Но всё, хватит, пора вставать с раскладушки. Челюсть челюстью, а служба службой. Как в армии, которую наша милиция в последнее время сильно напоминает.
— Капитан Ларин! — бодро проорал Женька.
— Я! — подделываясь под него, заорал я.
— Вы мудак!
— Есть!
Я сел на раскладушку, бросил грязное полотенце на подоконник и снова замычал:
— Евгений, воды…
Женька мгновенно кинулся в туалет. Заглянул Шурик Антипов, опер из соседнего кабинета, с которым, откровенно говоря, я несколько не в ладах. Какой-то он холёный, как собака с выставки. Его Мухомор выдрессировал. Шурик, апорт, Шурик, стойку, Шурик, голос…
— Что это с тобой?
— Оса укусила.
— Да ладно заливать.
Я не ответил.
— Слышь, Кирюха. Мне шеф хочет твои дела подсунуть. Ты бы это, сам не мог как-нибудь их списать? А то у меня завал.
У Шурика всё время завал. Он завальный парень. Завалит и стоит над душой.
— Ладно, — махнул рукой я.
Шурик моментально сгинул. Женька принес кружку с водой. Я прополоскал рот, сплюнул в угол и поднялся.
— Ну как, получше?
— Нормально.
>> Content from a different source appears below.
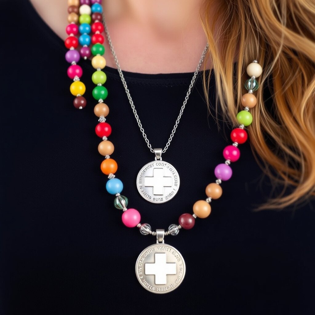 For a pop of color, beaded necklaces are a fun choice. Picture a string of vibrant beads, each one resonating with your personality, while discreetly holding your medical info. These necklaces add a playful twist to your outfit.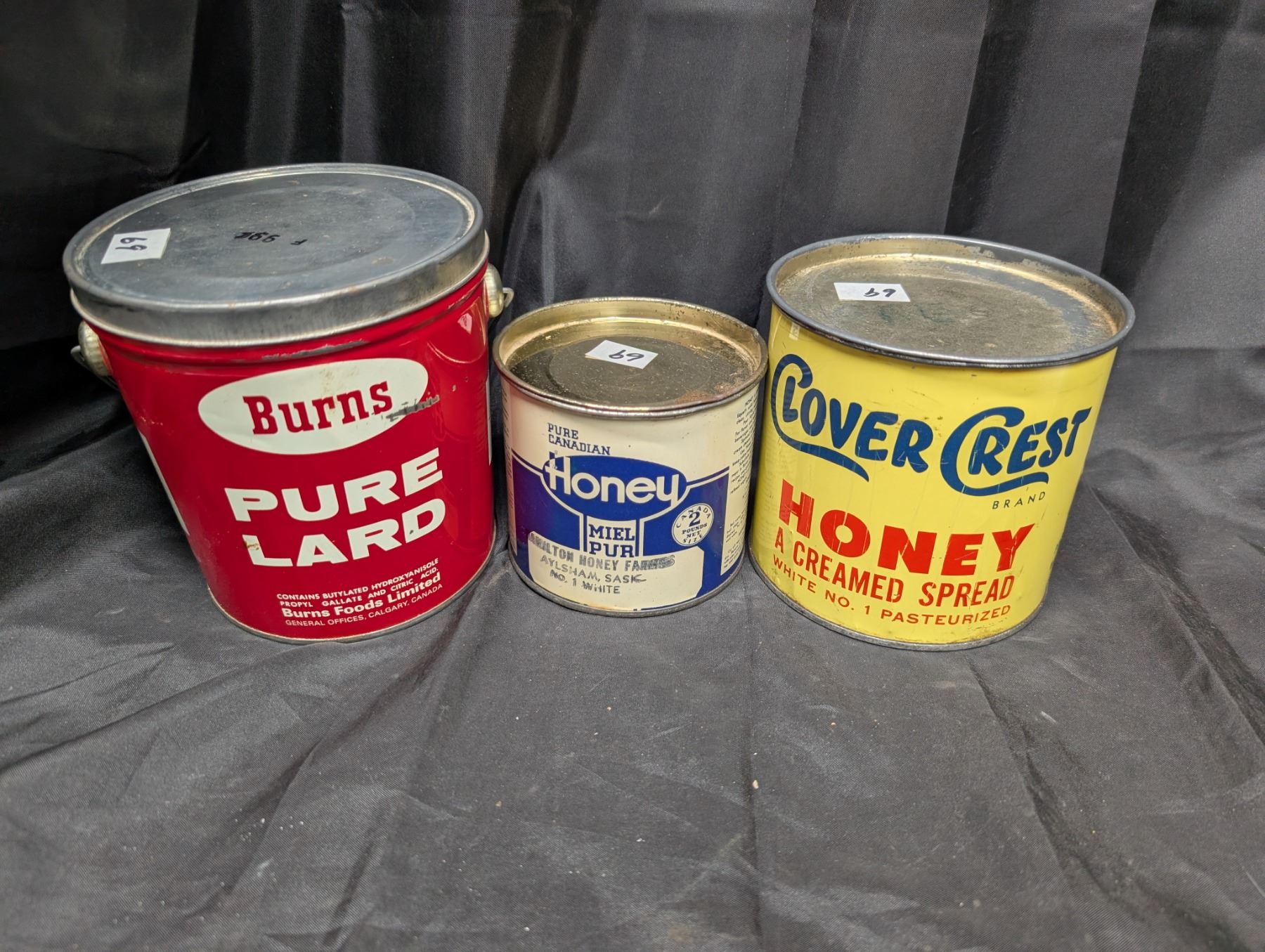 (3) Vintage Tins of (2) Honey and (1) Pure Lard (All Empty)

Спасибо, друг.
Нормально, нормально, а до щеки не дотронуться. Придётся пару дней не бриться и одной кашей питаться. Надо Вике позвонить, пусть купит что-нибудь из жидких кормов.
Шеф появился как всегда неожиданно.
— Ты где утром был?
— Да вот тут такое дело…
— По ножевому «робот» можно сделать?
— Вряд ли, Стёпа примет не помнит.
— Всё равно сделай. Сейчас эксперты в больницу ездят. Закажи.
Шеф вышел.
Я, конечно, закажу, был бы толк. Наши фотороботы как желуди — все на одно лицо, попробуй, по такому опознай кого.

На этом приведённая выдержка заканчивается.